Она ничего не ответила, только вздохнула и посмотрела в потолок, будто просила помощи у высших сил.

— Это не один из тех редких случаев, — сказала она.

— Но объясни хотя бы, — прошипел ты, — почему ты сделала это, не посоветовавшись со мной? Она знает нас, знает о наших отношениях, знает, что за ними стоит. И сейчас, когда ты сказала ей, что приведешь своего брата на бал, а она увидит меня, будет скандал!

Она не придала твоим словам никакого значения:

— Я тебе уже говорила, зачем я это сделала.

— Это сумасшествие. И, тем не менее, мы должны были предварительно обсудить это вместе!

— Самые жесткие решения всегда самые лучшие. Это как молочный зуб, который никак не может выпасть. Если ты не вырвешь его, новый зуб вырастет криво.

Ты рассмеялся. Это было похоже на банальные трюки с цилиндром фокусника, только бы уйти от сути вопроса.

— Какой идиотизм! Какой идиотизм! — повторял ты в промежутках между нервным смешком. — Ты понимаешь, что ты говоришь?

Ты надеялся, что, играя на ее совести, убедишь Сельваджу сдаться, и тогда вместе вы найдете выход из положения, отличный от того, который она выпустила на орбиту.

О боже, твоя самая большая ошибка заключалась в том, что ты опять путал ее с кем-то другим, судил по своим меркам, если действительно думал, что она могла отступиться от своих слов, поджав хсвост.

Господи, она понимала, что натворила?!

— Отлично, — сказала она. — Тогда вот что мы сделаем, милый. Ты пока подумай, а потом мне расскажешь, — решила она, поднимаясь с дивана, держа на руках Вильяма и чмокнув тебя в щеку, прежде чем отправиться на кухню.

«Скажу что? — хотел ты крикнуть ей вслед. — Что скажу-то?»

Ты забился в дальный угол дивана, нервы ни к черту. Ну, почему, почему, когда ты меньше всего ожидал, обязательно должно было что-то случиться?

— Да, гори оно все огнем, верно? — спросил ты громко, когда она была уже на пороге.

— Не знаю, — ответила она, пожимая плечами как ни в чем не бывало. — Полагаю, это означает: ты скажешь мне, что ты об этом думаешь, а потом мы сделаем так, как я решу.

Она была спокойна и иронична и высмеивала тебя в открытую, не стесняясь, с высоты своего порога, который вдруг превратился в выход в ничто, в пропасть, в тартарары.

Это было единственное мгновение, с тех пор как ты знал ее, когда тебе серьезно захотелось приструнить ее раз и навсегда и удушить.

73

Ты решил отложить на время разбор случившегося, ну, хотя бы до трех часов дня. Интересно, а как она представляла себе всю эту заваруху? Ты попытался серьезно обдумать ситуацию, а не впадать сразу же в отчаяние.

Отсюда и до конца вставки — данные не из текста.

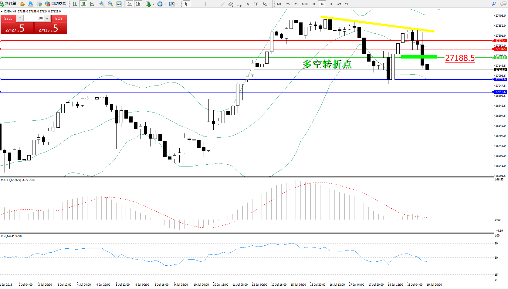 道琼斯指数719日(周五)收盘下跌68.80点,跌幅0.25%,报27154.20点。美国股市上周五延续了当周的跌势,一方面由于波斯湾紧张局势升级,另外投资者猜测美联储将会把降息幅度限制在25个基点。根据美联储官员近期的公开声明及采访来看,美联储因担忧全球经济增长放缓、贸易不确定性上升及通胀回落等问题,准备在即将召开的议息会议上降息25个基点,进一步降息亦成可能。目前综合各官员态度分析,美联储尚未准备采取更为大胆的行动,在7月会议上行降息50个基点的可能性较小。
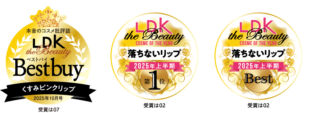 ※1 『LDK the Beauty』(株式会社普遊舎)受賞/デイジードール リップ スティーラー 02:2025年上半期ベストコスメ 落ちないリップ部門で1位、ベストバイW受賞、03:2025年3月号 深みカラーリップ部門でA評価、04:2025年4月号 ベージュリップ部門でA評価、06:2025年3月号 深みカラーリップ部門で1位、ベストバイW受賞、07:2026年1月号 くすみピンクリップ部門でベストコスメ2025受賞

Справедливо полагая, что ничего не добьешься, если будешь плакаться себе в жилетку, и вспомнив, что твой любимый храм медитации — бассейн был закрыт на рождественские каникулы, ты приступил к проблеме по-иному: уединился в своей комнате и обдумывал ситуацию, стоя у окна с «Camel light» в зубах. «Обдумывал», пожалуй, для тебя было бы слишком громко сказано, но не имея другого выбора, тебе стоило хотя бы попытаться.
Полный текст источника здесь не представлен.